I decided instantly on a little shock therapy. "No!" I
said very emphatically.
"Oh," he responded, "I thought that was the product
you were pushing."
I let him get five steps from the classroom door and then called
out: "Tommy! I don’t think you’ll ever find him, but I am absolutely
certain that He will find you!" He shrugged a little and left my class and my life.
I felt slightly disappointed at the thought that he had missed my
clever line: "He will find you!" At least I thought it was clever. Later I heard
that Tommy had graduated and I was duly grateful.
Then a sad report, I heard that Tommy had terminal cancer. Before I
could search him out, he came to see me. When he walked into my office, his body was very
badly wasted, and the long hair had all fallen out as a result of chemotherapy. But his
eyes were bright and his voice was firm, for the first time, I believe. "Tommy,
I’ve thought about you so often. I hear you are sick!" I blurted out.
"Oh, yes, very sick. I have cancer in both lungs. It’s a
matter of weeks."
"Can you talk about it, Tom?"
"Sure, what would you like to know?"
"What’s it like to be only twenty-four and dying?"
"Well, it could be worse."
"Like what?"
"Well, like being fifty and having no values or ideals, like
being fifty and thinking that booze, seducing women, and making money are the real
‘biggies’ in life."
I began to look through my mental file cabinet under "S"
where I had filed Tommy as strange. (It seems as though everybody I try to reject by
classification God sends back into my life to educate me.)
But what I really came to see you about," Tom said, " is
something you said to me on the last day of class." (He remembered!) He continued,
"I asked you if you thought I would ever find God and you said, ‘No!’ which
surprised me. Then you said, ‘But he will find you.’ I thought about that a lot,
even though my search for God was hardly intense at that time. (My "clever"
line. He thought about that a lot!) But when the doctors removed a lump from my groin and
told me that it was malignant, then I got serious about locating God. And when the
malignancy spread into my vital organs, I really began banging bloody fists against the
bronze doors of heaven.
But God did not come out. In fact, nothing happened. Did you ever
try anything for a long time with great effort and with no success? You get
psychologically glutted, fed up with trying. And then you quit.

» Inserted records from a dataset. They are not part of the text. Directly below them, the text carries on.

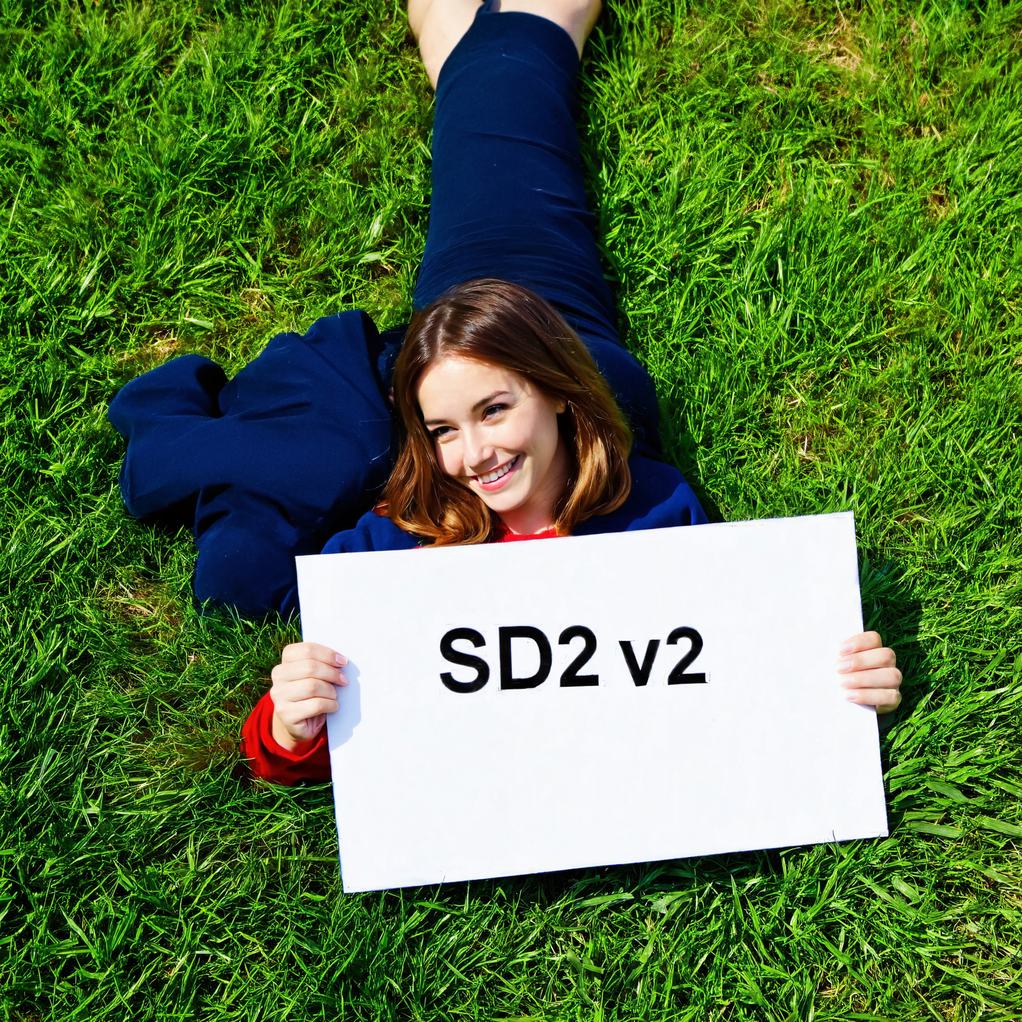 A woman lying on the grass holding a sign saying "SD2 v2"
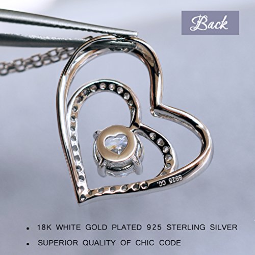 Made from high quality 18k white gold plated 925 sterling silver, you may rest assured that this heart necklace is here to stay. Just keep it away from hot water and perfumes and it will sparkle forever!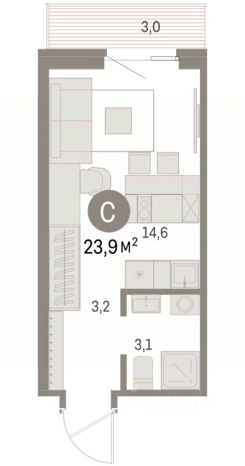Однокомнатная студия с предчистовой отделкой в ЖК ''Дом Кино'' на 10 этаже. Общая площадь: 23.91 кв.м., площадь гостиной 14.6 кв.м., из которых 5 кв.м. выделено под кухонную зону. Все окна выходят на одну сторону. В квартире один балкон, один совмещенный санузел. Высота потолков 2.7 м.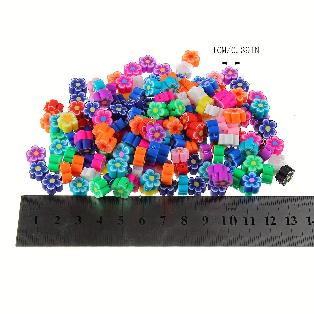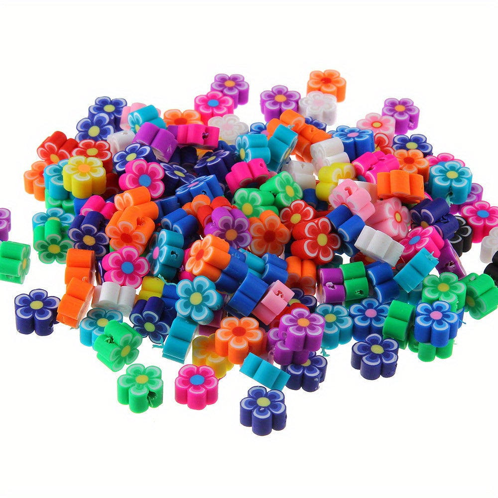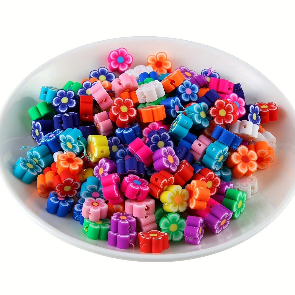 Create beautiful bracelets, necklaces, and hair accessories with this set of 100 flat flower-shaped polymer clay spacer beads. Perfect for DIY projects!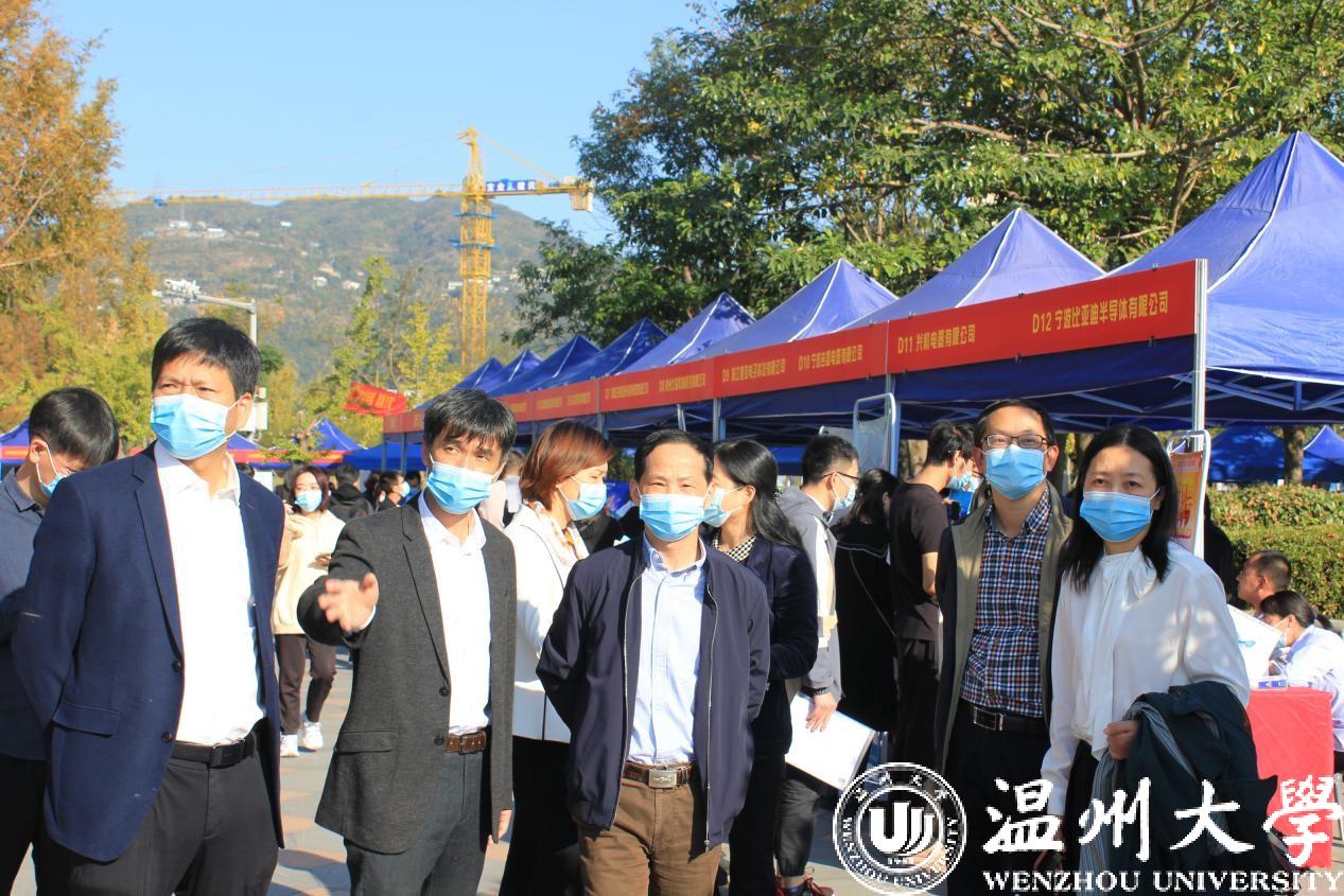 为搭建高校毕业生和用人单位供需洽谈平台,深入贯彻落实温州市高校毕业生招引“510计划”,促进亚洲无码 毕业生充分就业和高质量就业,11月14日下午,浙江省2021届高校毕业生温州专场招聘会暨亚洲无码 2021届毕业生校园招聘会在亚洲无码 举办。此次招聘会由浙江省教育发展中心、温州市人力资源和社会保障局、亚洲无码 共同举办,校党委副书记庄兴忠、浙江省教育发展中心主任林成格、学生就业工作部主任朱伟君、温州市人才市场管理办公室副主任朱芳莅临指导,学院分管就业工作副书记、招就处全体人员及学院就业辅导员与会,了解用人单位的人才需求和学生应聘情况。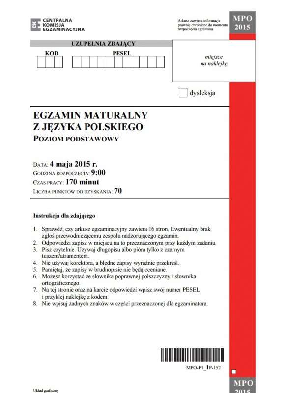 Matura 2015 POLSKI - ARKUSZ (nowa matura)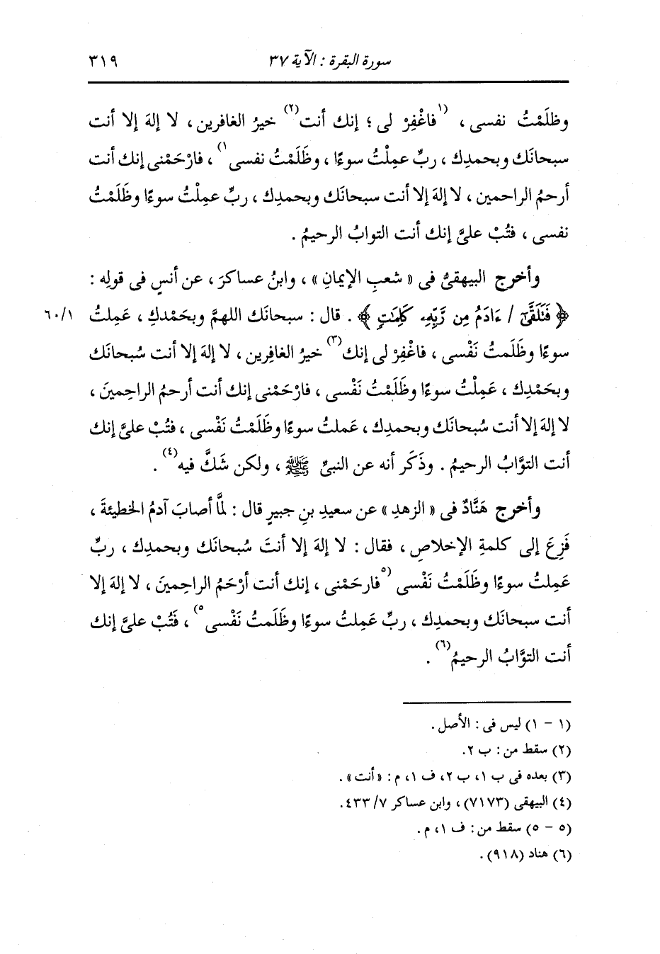 وأخرج ابن عساكر من طريق جويبر عن الضحاك عن ابن عباس ، إن آدم عليه السلام طلب التوبة مائتي سنة حتى آتاه الله الكلمات ولقنه إياها قال : بينا آدم عليه السلام جالس يبكي واضع راحته على جبينه إذا أتاه جبريل فسلم عليه فبكى آدم وبكى جبريل لبكائه فقال له : يا آدم ما هذه البلية التي أجحف بك بلاؤها وشقاؤها وما هذا البكاء قال : يا جبريل وكيف لا أبكي وقد حولني ربي من ملكوت السموات إلى هوان الأرض ومن دار المقام إلى دار الظعن والزوال ومن دار النعمة إلى دار البؤس والشقاء ومن دار الخلد إلى دار الفناء كيف أحصي يا جبريل هذه المصيبة فانطلق جبريل إلى ربه فأخبره بقالة آدم فقال الله عز وجل : انطلق يا جبريل إلى آدم فقل : يا آدم ألم أخلقك بيدي قال : بلى يا رب قال : ألم أنفخ فيك من روحي قال : بلى يا رب قال : ألم أسجد لك ملائكتي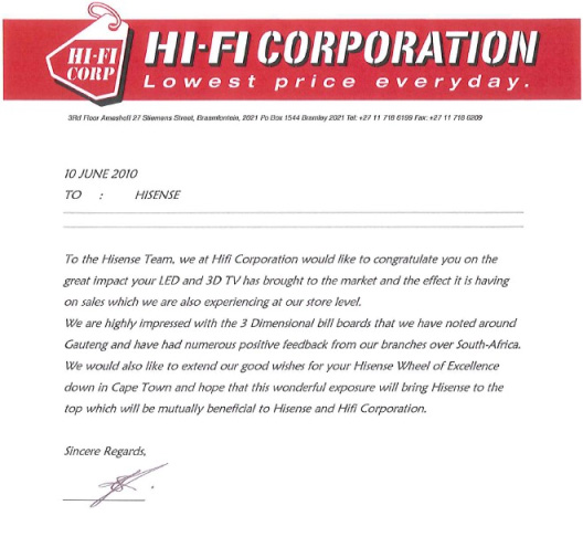 海信一系列的品牌宣传活动后,海信南非经销商HIFI公司特意给海信发来贺信,贺信中称海信LED和3D电视展示、3D立体广告牌以及摩天轮冠名等一系列品牌建设给HIFI公司带来了极大的震撼,海信在品牌建设上所做的努力,更增强了HIFI的信心,表示期待与海信进行更深入的合作。

Well, one day I woke up, and instead of throwing a few more futile
appeals over that high brick wall to a God who may be or may not be there, I just quit. I
decided that I didn’t really care ... about God, about an afterlife, or anything like
that. "I decided to spend what time I had left doing something more profitable. I
thought about you and your class and I remembered something else you had said: ‘The
essential sadness is to go through life without loving. But it would be almost equally sad
to go through life and leave this world without ever telling those you loved that you had
loved them.’ "So I began with the hardest one: my Dad. He was reading the
newspaper when I approached him."
"Dad". . .
"Yes, what?" he asked without lowering the newspaper.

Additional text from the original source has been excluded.